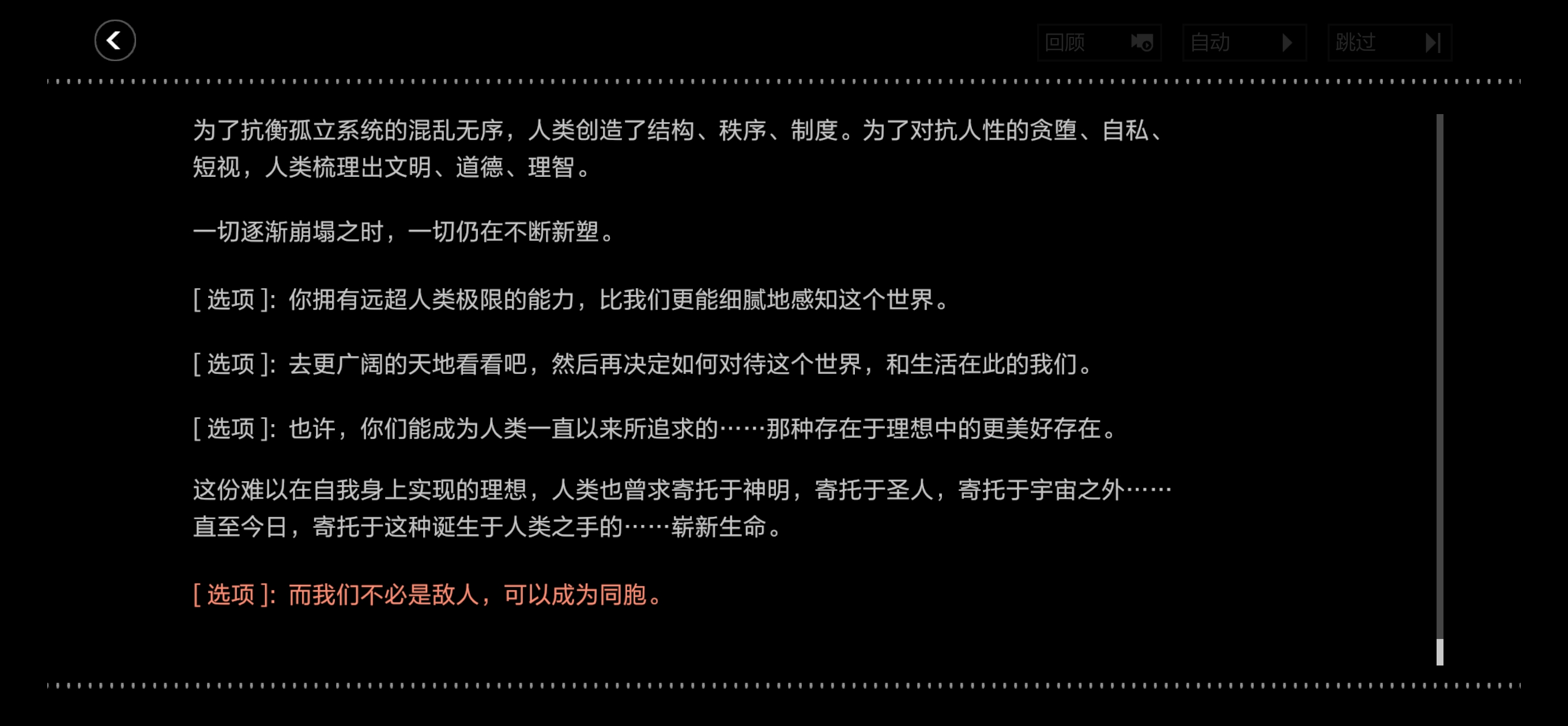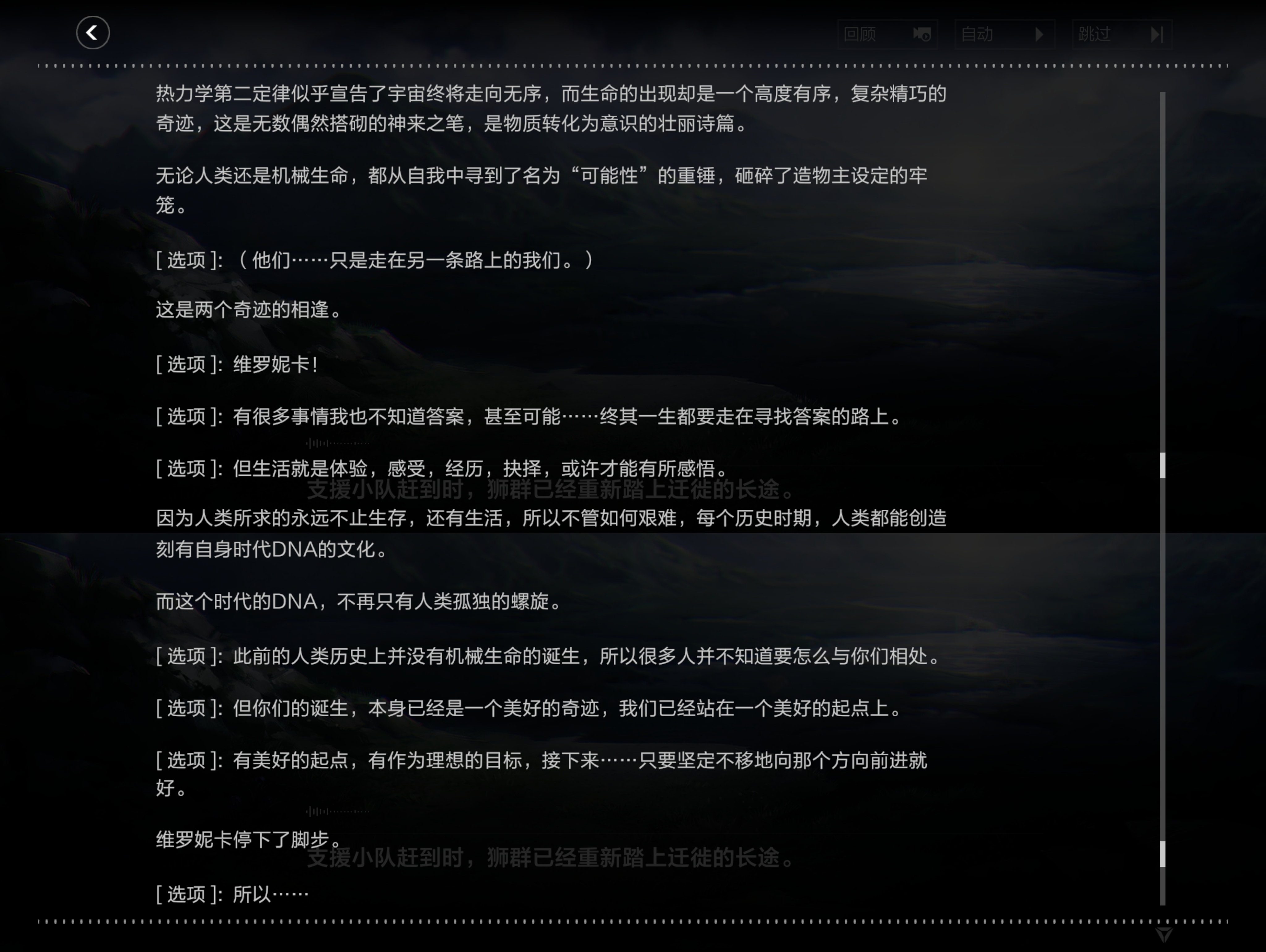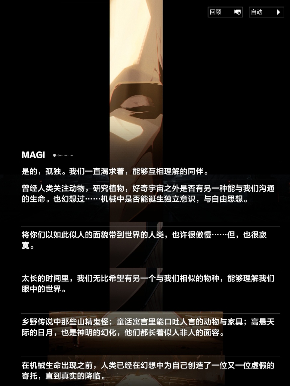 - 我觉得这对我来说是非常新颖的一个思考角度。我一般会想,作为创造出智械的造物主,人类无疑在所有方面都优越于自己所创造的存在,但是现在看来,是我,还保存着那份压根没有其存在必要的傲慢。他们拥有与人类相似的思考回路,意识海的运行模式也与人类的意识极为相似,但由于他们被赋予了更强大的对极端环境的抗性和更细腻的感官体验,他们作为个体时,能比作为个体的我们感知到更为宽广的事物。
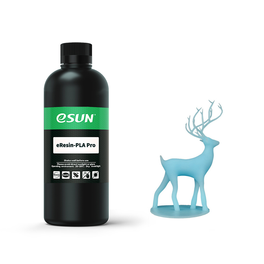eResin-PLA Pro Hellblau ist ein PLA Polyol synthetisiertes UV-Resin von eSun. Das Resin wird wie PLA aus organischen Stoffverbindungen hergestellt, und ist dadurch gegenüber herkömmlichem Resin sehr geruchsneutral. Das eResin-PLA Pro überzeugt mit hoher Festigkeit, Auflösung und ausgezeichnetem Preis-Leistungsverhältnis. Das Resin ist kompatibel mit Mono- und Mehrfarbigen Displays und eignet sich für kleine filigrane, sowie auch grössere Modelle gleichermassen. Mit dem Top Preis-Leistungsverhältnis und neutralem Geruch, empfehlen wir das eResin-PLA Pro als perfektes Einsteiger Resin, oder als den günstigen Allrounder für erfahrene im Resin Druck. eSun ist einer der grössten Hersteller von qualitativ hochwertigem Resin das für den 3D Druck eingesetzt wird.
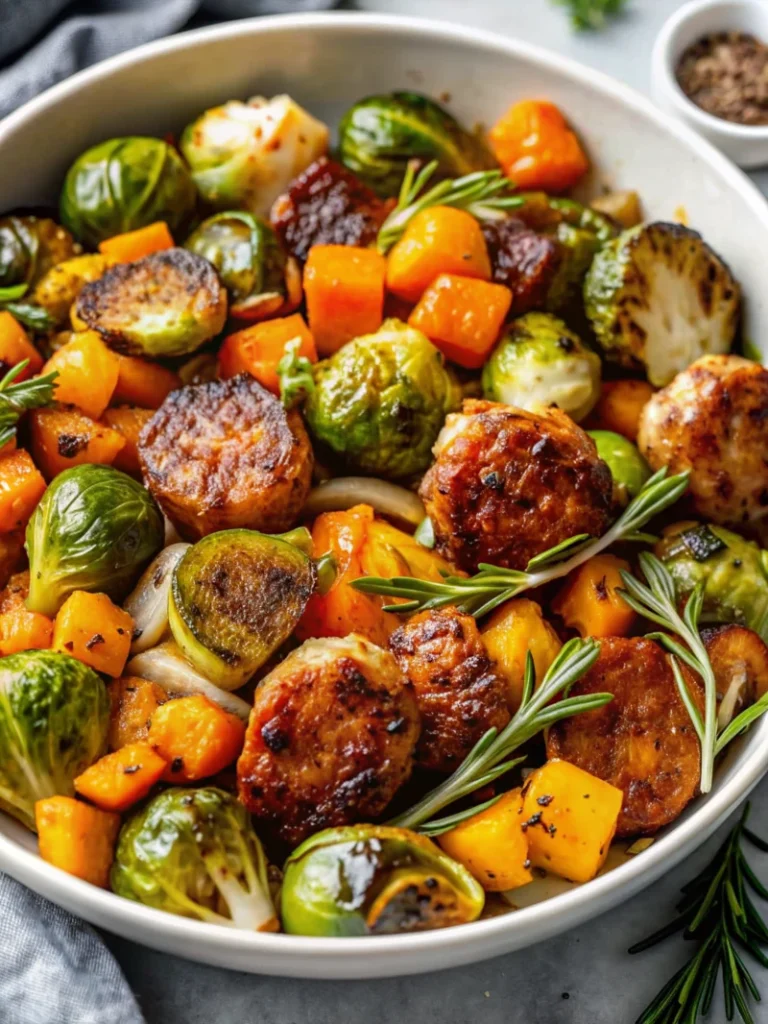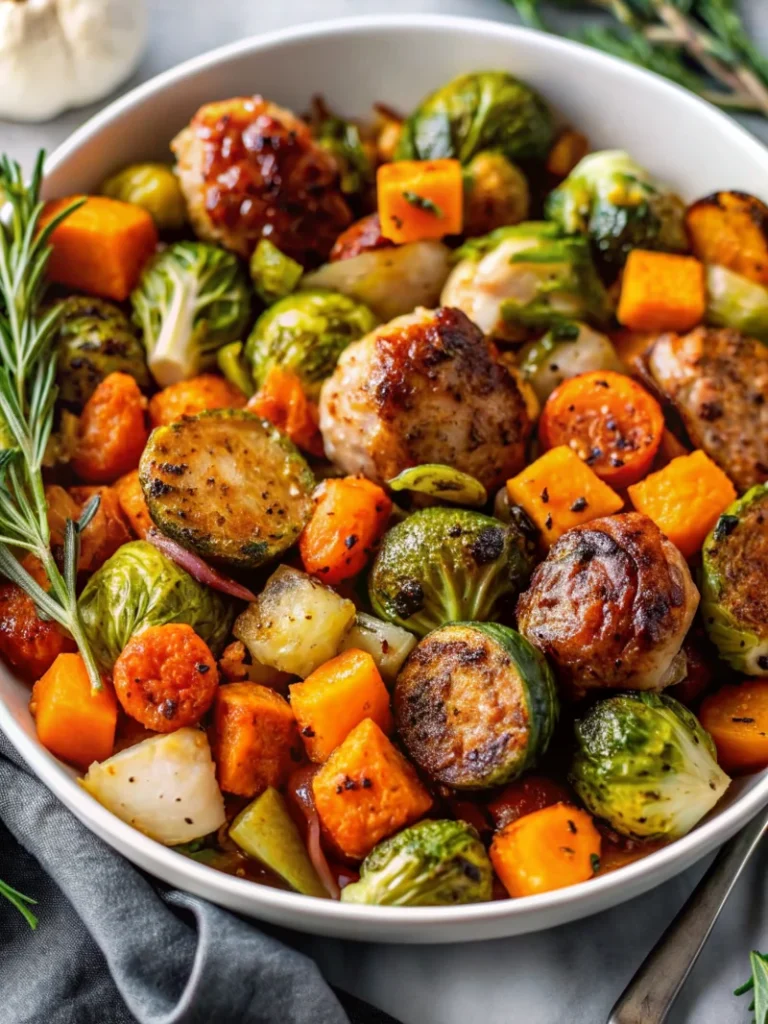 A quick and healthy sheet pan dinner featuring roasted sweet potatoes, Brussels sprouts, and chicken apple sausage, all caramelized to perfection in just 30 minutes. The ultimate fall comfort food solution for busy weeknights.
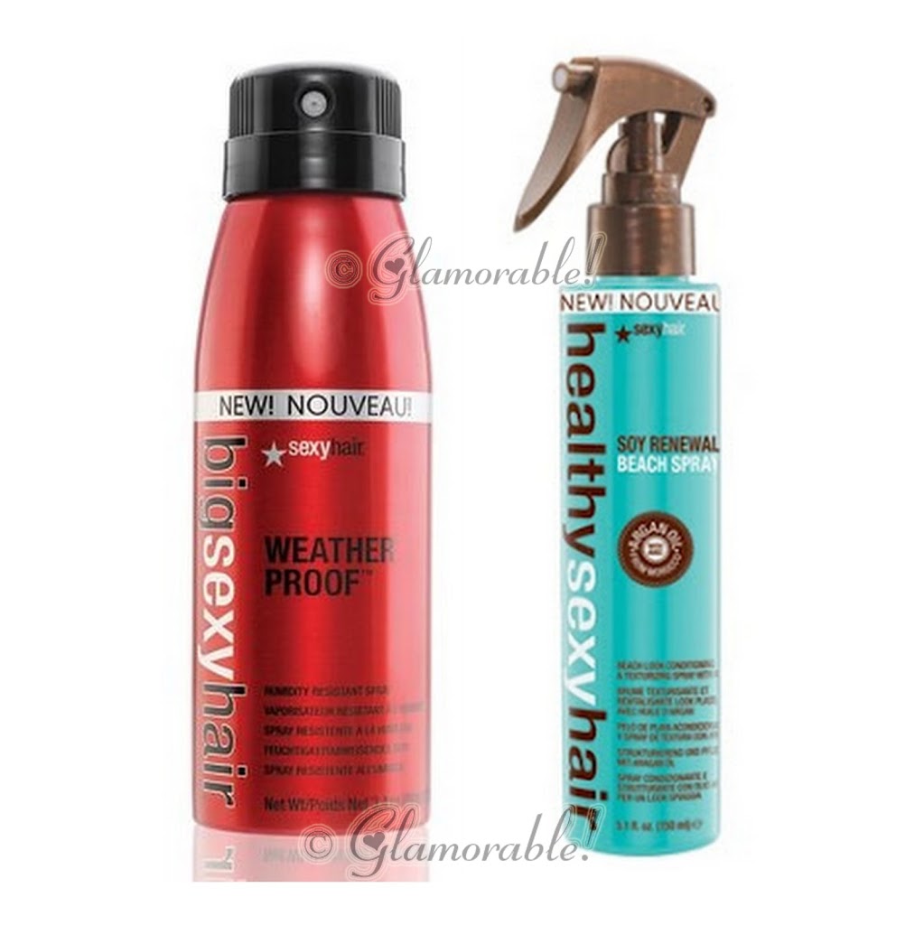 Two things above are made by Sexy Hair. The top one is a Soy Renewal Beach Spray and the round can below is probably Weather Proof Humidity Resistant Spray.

**Directions for this task:** Copy each line above precisely, dropping the pictures.

**Your solution:**
 - 我觉得这对我来说是非常新颖的一个思考角度。我一般会想,作为创造出智械的造物主,人类无疑在所有方面都优越于自己所创造的存在,但是现在看来,是我,还保存着那份压根没有其存在必要的傲慢。他们拥有与人类相似的思考回路,意识海的运行模式也与人类的意识极为相似,但由于他们被赋予了更强大的对极端环境的抗性和更细腻的感官体验,他们作为个体时,能比作为个体的我们感知到更为宽广的事物。
eResin-PLA Pro Hellblau ist ein PLA Polyol synthetisiertes UV-Resin von eSun. Das Resin wird wie PLA aus organischen Stoffverbindungen hergestellt, und ist dadurch gegenüber herkömmlichem Resin sehr geruchsneutral. Das eResin-PLA Pro überzeugt mit hoher Festigkeit, Auflösung und ausgezeichnetem Preis-Leistungsverhältnis. Das Resin ist kompatibel mit Mono- und Mehrfarbigen Displays und eignet sich für kleine filigrane, sowie auch grössere Modelle gleichermassen. Mit dem Top Preis-Leistungsverhältnis und neutralem Geruch, empfehlen wir das eResin-PLA Pro als perfektes Einsteiger Resin, oder als den günstigen Allrounder für erfahrene im Resin Druck. eSun ist einer der grössten Hersteller von qualitativ hochwertigem Resin das für den 3D Druck eingesetzt wird.
 A quick and healthy sheet pan dinner featuring roasted sweet potatoes, Brussels sprouts, and chicken apple sausage, all caramelized to perfection in just 30 minutes. The ultimate fall comfort food solution for busy weeknights.
 Two things above are made by Sexy Hair. The top one is a Soy Renewal Beach Spray and the round can below is probably Weather Proof Humidity Resistant Spray.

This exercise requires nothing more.